Auto - Volume Growth to remain robust - Motilal Oswal



Posted On : 2011-03-03 00:54:51( TIMEZONE : IST )

Auto - Volume Growth to remain robust - Motilal Oswal

AUTO DASHBOARD: Monthly update for February 2011 - Positive volume outlook, although short-term headwinds exist

Volume growth to remain robust: Volume growth is expected to continue, driven by strong economic recovery, improved financing conditions and new product launches by existing and new global players. This coupled with strong exports would support strong volumes. The volume guidance provided by automakers indicates a favorable environment for FY12.

Margins to moderate from higher levels impacted by commodity cost inflation: Commodity cost inflation, especially in Steel, Aluminum and Rubber, is putting pressure on profitability. This coupled with increasing competitive intensity in some segments would restrict pricing power. However, cost reduction measures, productivity improvement programs and high operating leverage would dilute impact of higher RM cost. As a result, we estimate EBITDA margins to revert to mean for the industry.

Headwinds gather momentum, may impact short-term outlook: Auto industry to face multiple headwind in the short-run as (a) Increase in cost of ownership as selling price increased due partial pass through of cost inflation in RM cost, (b) Increase in cost of operations as fuel prices increased by 15-22% in last 1 year, (c) rising competitive pressures to restrict pricing power in the short term, and (d) hardening in monetary policy resulting in increase in interest rates for automobile.

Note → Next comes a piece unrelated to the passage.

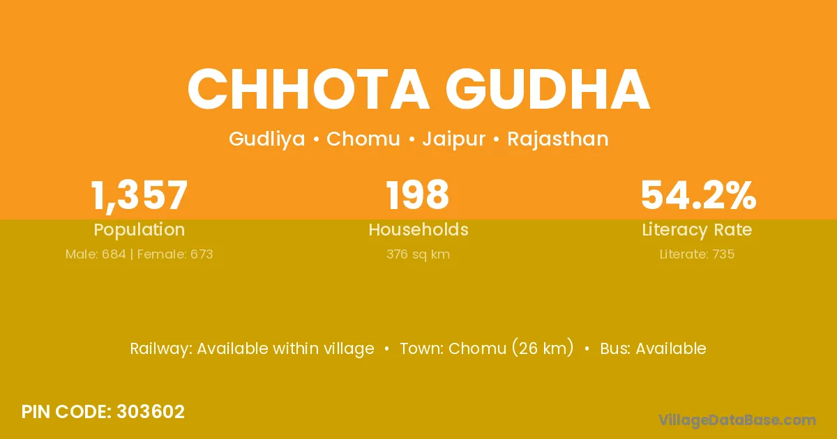 Chhota Gudha village has a total population of 1,357 people, of which 684 are males and 673 are females.

However, the long term volume outlook is positive due to improved economic activity, easy availability of finance and improved export outlook.

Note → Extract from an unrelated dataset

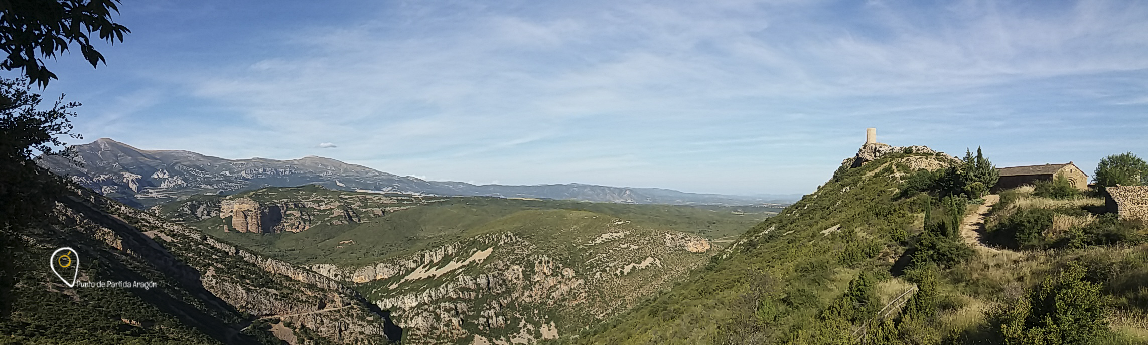 El auténtico espectáculo está en contemplar las vistas que tenemos a nuestro alrededor. Por un lado se domina toda la Hoya de Huesca, entendiendo el porqué de su emplazamiento, acechando desde las alturas las tierras donde vivían los moros. Por el otro, el desfiladero que conduce a Vadiello, al borde de las gargantas del río Guatizalema y en las puertas de la Sierra de Guara.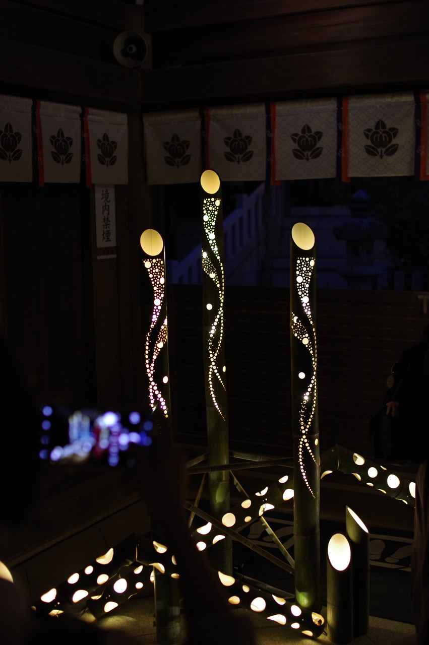 石段下と本殿を二回往復しながら撮りました。明るい時から、暗くなってからの幻想的なひかりのアートをスナップしました。講釈抜きです。駄作のオンパレードですが、ご高覧下さい。17時11分撮。

Valuation and view: No increase in excise duty in the Budget is positive as any increase in selling price would have reduced headroom for the auto industry to pass-on cost inflation and could have impacted demand. Strong momentum in volumes is expected to continue across segments. However, EBITDA margins are expected to moderate from peak levels of FY10 and revert to mean due to macro headwinds. Most auto stocks have outperformed benchmarks in last 12 months, driven by strong volumes and margins. Prefer players less vulnerable to competitive dynamics, enabling dilution of short-term headwinds. Our top picks are Baja Auto, M&M and Tata Motors.